Material supplied:
━━━━━━━━━━
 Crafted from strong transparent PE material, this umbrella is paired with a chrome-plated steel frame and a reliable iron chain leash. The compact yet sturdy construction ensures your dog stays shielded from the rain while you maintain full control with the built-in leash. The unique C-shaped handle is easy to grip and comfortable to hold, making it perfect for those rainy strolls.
━━━━━━━━━━
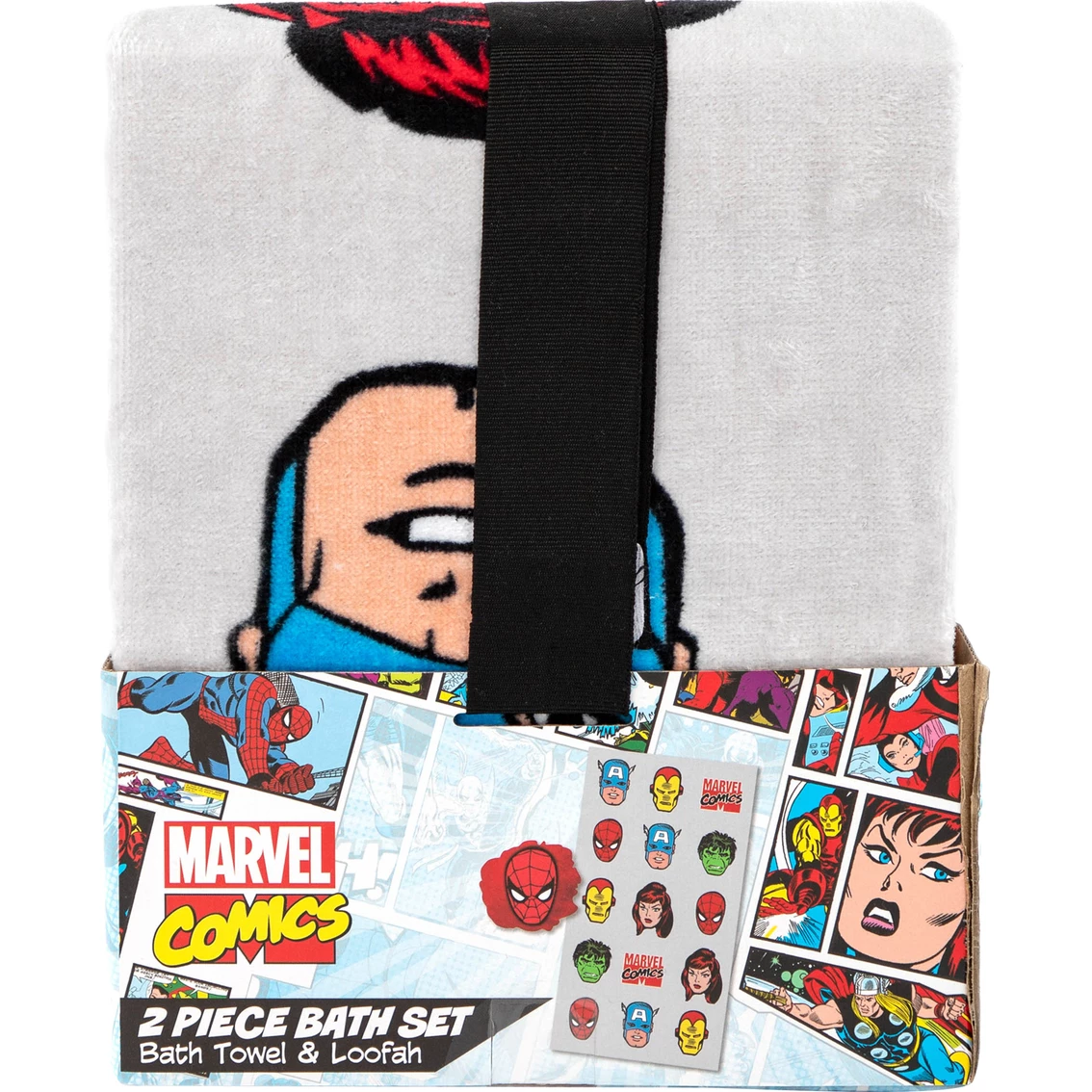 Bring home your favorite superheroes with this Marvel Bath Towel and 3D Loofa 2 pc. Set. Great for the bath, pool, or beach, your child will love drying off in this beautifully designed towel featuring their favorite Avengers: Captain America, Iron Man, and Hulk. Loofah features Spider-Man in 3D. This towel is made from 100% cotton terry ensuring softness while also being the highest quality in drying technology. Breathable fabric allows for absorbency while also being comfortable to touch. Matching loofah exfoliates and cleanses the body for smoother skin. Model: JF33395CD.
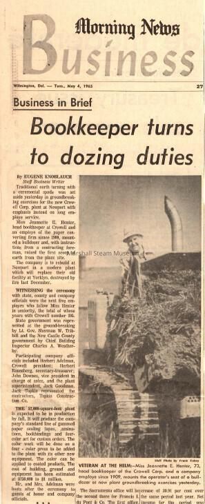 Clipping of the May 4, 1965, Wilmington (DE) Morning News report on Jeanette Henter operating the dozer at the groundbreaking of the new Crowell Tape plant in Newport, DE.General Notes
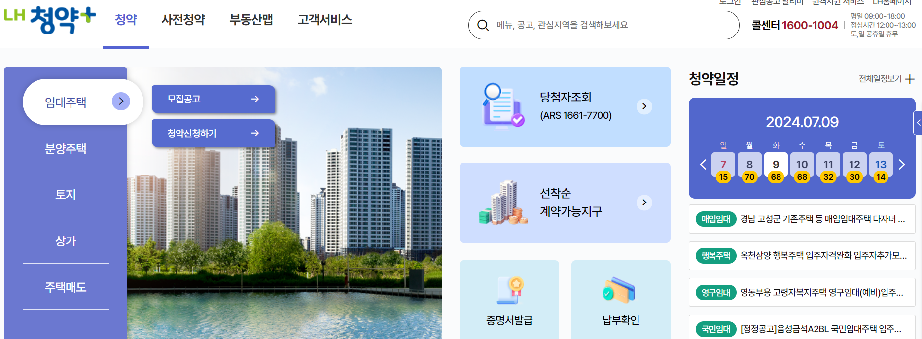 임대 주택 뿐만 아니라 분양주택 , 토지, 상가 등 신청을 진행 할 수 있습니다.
━━━━━━━━━━
To do:
Leaving pictures out, output the lines of the data above from the one with "Clipping of the" through the one with "임대 주택 뿐만 아니라", word for word.

Answer space:
 Clipping of the May 4, 1965, Wilmington (DE) Morning News report on Jeanette Henter operating the dozer at the groundbreaking of the new Crowell Tape plant in Newport, DE.General Notes
 임대 주택 뿐만 아니라 분양주택 , 토지, 상가 등 신청을 진행 할 수 있습니다.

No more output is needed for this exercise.